Peng Jiajie, Bai Kun, Shang Xuequn, Wang Guohua, Xue Hansheng, Jin Shuilin, Cheng Liang, Wang Yadong, Chen Jin
School of Computer Science, Northwestern Polytechnical University, Xi'an, China.
School of Computer Science and Technology, Harbin Institute of Technology, Harbin, China.
BMC Genomics. 2017 Jan 25;18(Suppl 1):1043. doi: 10.1186/s12864-016-3263-4.
Identifying the genes associated to human diseases is crucial for disease diagnosis and drug design. Computational approaches, esp. the network-based approaches, have been recently developed to identify disease-related genes effectively from the existing biomedical networks. Meanwhile, the advance in biotechnology enables researchers to produce multi-omics data, enriching our understanding on human diseases, and revealing the complex relationships between genes and diseases. However, none of the existing computational approaches is able to integrate the huge amount of omics data into a weighted integrated network and utilize it to enhance disease related gene discovery.

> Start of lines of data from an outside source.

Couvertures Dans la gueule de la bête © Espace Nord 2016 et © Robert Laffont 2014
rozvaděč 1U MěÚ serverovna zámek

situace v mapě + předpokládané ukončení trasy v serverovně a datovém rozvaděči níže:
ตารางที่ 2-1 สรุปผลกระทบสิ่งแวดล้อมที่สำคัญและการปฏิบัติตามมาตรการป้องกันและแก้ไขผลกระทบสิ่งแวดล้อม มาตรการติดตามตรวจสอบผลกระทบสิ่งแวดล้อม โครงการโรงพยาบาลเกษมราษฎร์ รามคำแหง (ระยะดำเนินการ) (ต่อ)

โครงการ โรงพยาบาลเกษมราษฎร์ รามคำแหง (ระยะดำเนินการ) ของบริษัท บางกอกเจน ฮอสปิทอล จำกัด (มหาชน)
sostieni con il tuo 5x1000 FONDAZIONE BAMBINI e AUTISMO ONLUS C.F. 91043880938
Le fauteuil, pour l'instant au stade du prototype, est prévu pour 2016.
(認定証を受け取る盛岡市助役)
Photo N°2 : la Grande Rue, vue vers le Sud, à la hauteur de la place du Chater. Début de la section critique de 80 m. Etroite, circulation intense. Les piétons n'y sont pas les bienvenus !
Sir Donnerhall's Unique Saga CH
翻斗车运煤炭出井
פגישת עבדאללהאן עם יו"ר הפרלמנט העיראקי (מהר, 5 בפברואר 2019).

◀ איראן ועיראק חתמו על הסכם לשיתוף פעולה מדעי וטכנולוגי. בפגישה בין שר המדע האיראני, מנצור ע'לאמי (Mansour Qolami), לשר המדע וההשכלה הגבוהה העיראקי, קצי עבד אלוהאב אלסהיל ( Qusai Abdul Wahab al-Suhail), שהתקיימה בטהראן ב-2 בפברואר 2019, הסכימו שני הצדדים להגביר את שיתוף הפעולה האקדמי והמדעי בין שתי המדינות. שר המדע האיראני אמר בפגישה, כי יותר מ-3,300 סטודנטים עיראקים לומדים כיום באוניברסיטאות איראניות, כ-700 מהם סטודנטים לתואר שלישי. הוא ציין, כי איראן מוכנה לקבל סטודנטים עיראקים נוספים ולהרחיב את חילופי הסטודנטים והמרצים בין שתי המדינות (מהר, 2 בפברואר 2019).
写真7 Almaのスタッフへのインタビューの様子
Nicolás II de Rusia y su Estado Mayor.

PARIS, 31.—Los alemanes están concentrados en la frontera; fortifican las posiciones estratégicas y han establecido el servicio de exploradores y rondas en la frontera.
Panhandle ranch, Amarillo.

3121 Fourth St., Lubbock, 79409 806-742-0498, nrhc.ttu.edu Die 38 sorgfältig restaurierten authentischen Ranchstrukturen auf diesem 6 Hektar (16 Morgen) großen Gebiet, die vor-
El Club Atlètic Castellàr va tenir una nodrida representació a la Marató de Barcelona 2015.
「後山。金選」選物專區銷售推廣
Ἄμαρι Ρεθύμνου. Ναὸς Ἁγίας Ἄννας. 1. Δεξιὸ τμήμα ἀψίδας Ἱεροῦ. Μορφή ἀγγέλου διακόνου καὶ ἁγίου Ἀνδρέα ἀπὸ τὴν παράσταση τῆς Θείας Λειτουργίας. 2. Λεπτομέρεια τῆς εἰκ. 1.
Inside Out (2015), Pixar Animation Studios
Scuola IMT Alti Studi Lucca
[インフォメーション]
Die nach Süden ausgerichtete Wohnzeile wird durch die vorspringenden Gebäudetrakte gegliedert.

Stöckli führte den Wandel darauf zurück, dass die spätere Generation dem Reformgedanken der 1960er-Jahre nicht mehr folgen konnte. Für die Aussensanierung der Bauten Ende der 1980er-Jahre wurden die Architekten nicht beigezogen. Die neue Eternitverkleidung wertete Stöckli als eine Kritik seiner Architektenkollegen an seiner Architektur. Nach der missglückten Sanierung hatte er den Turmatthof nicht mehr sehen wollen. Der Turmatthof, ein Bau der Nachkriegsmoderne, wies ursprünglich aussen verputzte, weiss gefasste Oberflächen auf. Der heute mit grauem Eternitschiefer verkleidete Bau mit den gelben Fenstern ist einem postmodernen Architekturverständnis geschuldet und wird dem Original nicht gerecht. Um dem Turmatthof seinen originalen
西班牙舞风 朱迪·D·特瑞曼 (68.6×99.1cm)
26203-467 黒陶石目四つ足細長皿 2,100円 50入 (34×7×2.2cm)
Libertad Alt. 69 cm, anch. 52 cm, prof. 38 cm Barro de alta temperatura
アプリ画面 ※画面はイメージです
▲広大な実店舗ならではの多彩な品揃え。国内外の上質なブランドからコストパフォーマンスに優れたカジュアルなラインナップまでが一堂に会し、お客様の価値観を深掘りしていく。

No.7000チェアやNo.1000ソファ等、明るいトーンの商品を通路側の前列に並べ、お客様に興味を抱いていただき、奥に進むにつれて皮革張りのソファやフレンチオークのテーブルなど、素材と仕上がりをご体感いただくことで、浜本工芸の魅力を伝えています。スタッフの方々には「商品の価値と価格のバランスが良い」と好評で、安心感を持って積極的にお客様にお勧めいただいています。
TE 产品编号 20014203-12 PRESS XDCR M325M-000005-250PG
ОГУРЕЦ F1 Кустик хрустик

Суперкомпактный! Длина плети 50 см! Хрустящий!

We propose a new network-based disease gene prediction method called SLN-SRW (Simplified Laplacian Normalization-Supervised Random Walk) to generate and model the edge weights of a new biomedical network that integrates biomedical data from heterogeneous sources, thus far enhancing the disease related gene discovery.
The experiment results show that SLN-SRW significantly improves the performance of disease gene prediction on both the real and the synthetic data sets.
识别与人类疾病相关的基因对于疾病诊断和药物设计至关重要。计算方法,尤其是基于网络的方法,最近已被开发出来,以便从现有的生物医学网络中有效地识别疾病相关基因。同时,生物技术的进步使研究人员能够产生多组学数据,增进我们对人类疾病的理解,并揭示基因与疾病之间的复杂关系。然而,现有的计算方法都无法将大量的组学数据整合到一个加权综合网络中,并利用它来加强疾病相关基因的发现。
我们提出了一种新的基于网络的疾病基因预测方法,称为SLN-SRW(简化拉普拉斯归一化-监督随机游走),以生成和建模一个整合来自异质来源生物医学数据的新生物医学网络的边权重,从而加强疾病相关基因的发现。
实验结果表明,SLN-SRW在真实数据集和合成数据集上都显著提高了疾病基因预测的性能。